I was teaching in Pietermaritzburg and living in College Road with my parents. On Sunday mornings we’d go to the Anglican church in town. One particular morning, mom and I bundled into the car (I was driving) and roared off to church; we got there, parked, dashed inside and sat down.
The minister announces the first hymn.
Mom picks up her bag and starts scratching around for her glasses; it was totally un-mom to ever keep her glasses in a case and finding anything in the bag-of-wonders took about 74 minutes a shot—it was always full of junk. One day a thing herbal laxative that (of course) was blinging around in her bag broke open and seeped all over everything. Typical. So…mom is looking for her glasses, finds them and puts them on so that she can sing the hymn.

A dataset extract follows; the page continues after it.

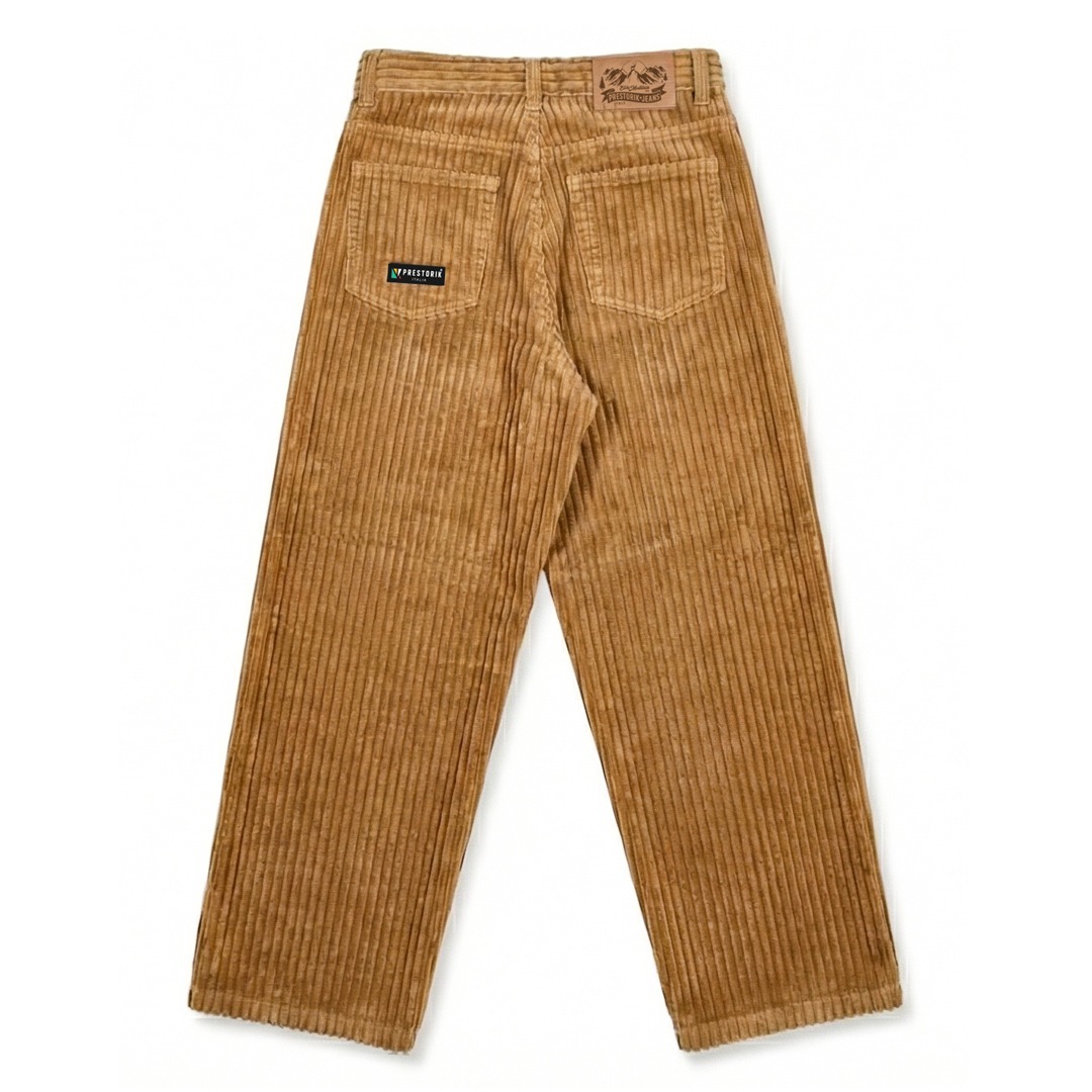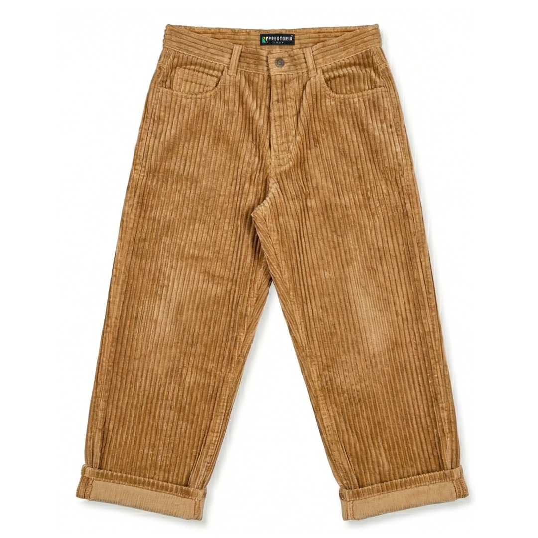Pantaloni uomo in morbido e setoso velluto color caramello a coste larghe di alta qualità.

Looking down at the hymn book, voice at the ready and…panic; mom grips my arm and looks up at me, saying in a quiet shriek (it’s possible—trust me), ‘Love, I can’t see out of my right lens. My eye! I must be going blind!’
I turn to her and look at her glasses. They’re filthy. They’re so filthy that a big 50c piece is stuck to the right lens.
I informed her that she was not going blind and that perhaps she should take better care of her specs.
Storyteller: Clare Paterson
Author: Andrea Zanin
Iris Aitchison died in her early 60s. Her husband Ray never remarried and lived well into his 90s. She was, and still is, missed by her 5 children but her larger-than-life personality lives on in stories told to her 10 grandchildren and 18 great grandchildren.